Да, я счастлив сообщить вам, что и в данную минуту я себя не помню от радости. Хотя, не стану отрицать (и сейчас придется, как видно, изложить истинную причину — почему я выставляю напоказ мою бедную печенку), повторяю: я не стану отрицать, что после болезни я обнаружил одну жуткую потерю. Терпеть не могу драматических отступлений, но все же придется начать с нового абзаца.

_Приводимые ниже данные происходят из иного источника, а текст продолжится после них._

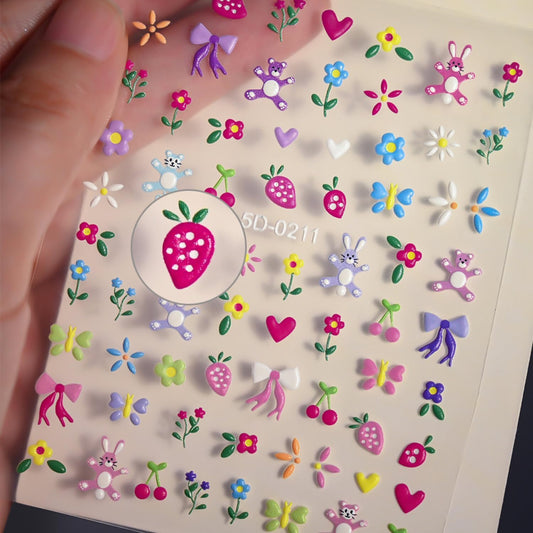 Stickers para Uñas Nail Stickers Self-Adhesive Sticker para Uñas Colorful 3D Flower Embossed Calcomanías Stickers Art Design Accessories Hight Quality 8 Sheets
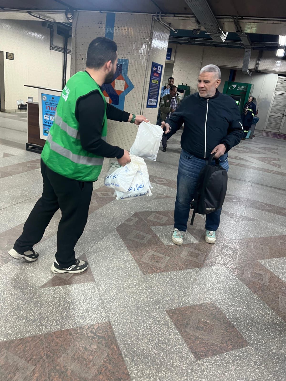 تفاصيل الوجبات وخريطة التوزيع بالمحطاتأوضحت شركة المترو في بيانها الرسمي، أن الوجبة الخفيفة تضمنت (زجاجة مياه، عصير، وبسكويت)، حيث تم توزيع 5000 وجبة يومياً على الركاب المتواجدين داخل المحطات والقطارات وقت أذان المغرب. وتركز التوزيع في المحطات التبادلية والأكثر ازدحاماً لضمان وصول الخدمة لأكبر عدد من الصائمين، وشملت محطات: (الشهداء، أنور السادات، العتبة، جمال عبد الناصر، وكلية الزراعة) بالخطين الأول والثاني.

В первый же вечер на прошлой неделе, когда я почувствовал, что выздоровел и что мне охота снова взяться за работу, я вдруг обнаружил, что для этого не то что не достает вдохновения, а просто силенок не хватит писать о Симоре. Слишком он вырос, пока я отсутствовал. Я сам себе не верил. Этот прирученный великан, с которым я вполне справлялся до болезни, вдруг, за каких-нибудь два с лишним месяца, снова стал самым близким мне существом, тем единственным в моей жизни человеком, которого никогда нельзя было втиснуть в печатную страничку — во всяком случае на моей машинке, — настолько он был неизмеримо велик. Проще говоря, я очень перепугался, и этот испуг не проходил суток пять. Впрочем, не стоит сгущать краски. Оказалось, что тут для меня неожиданно открылась очень утешительная подоплека. Лучше сразу сказать вам, что, после того что я сделал нынче вечером, я почувствовал: завтра вернусь к работе и она станет смелей, уверенней, но, может быть, еще и противоречивее, чем прежде. Часа два назад я просто еще раз перечитал старое письмо ко мне, вернее — целое послание, оставленное однажды утром после завтрака на моей тарелке. В тысяча девятьсот сороковом году и, если уж быть совсем точным, — под половинкой недоеденного грейпфрута. Через две-три минуты я испытаю невыразимое (нет, «удовольствие» не то слово), невыразимое Нечто, переписывая дословно этот длинный меморандум. (О Живительная Желтуха! Не было еще для меня такой болезни — или такого горя, такой неудачи, которая в конце концов не расцветала бы, как цветок или чудесное послание. Надо только уметь ждать.) Как-то одиннадцатилетний Симор сказал по радио, что его любимое слово в Библии — «Бодрствуй». Но, прежде чем для ясности перейти к главной теме, мне надлежит обговорить кое-какие мелочи. Может быть, другой такой случай и не представится.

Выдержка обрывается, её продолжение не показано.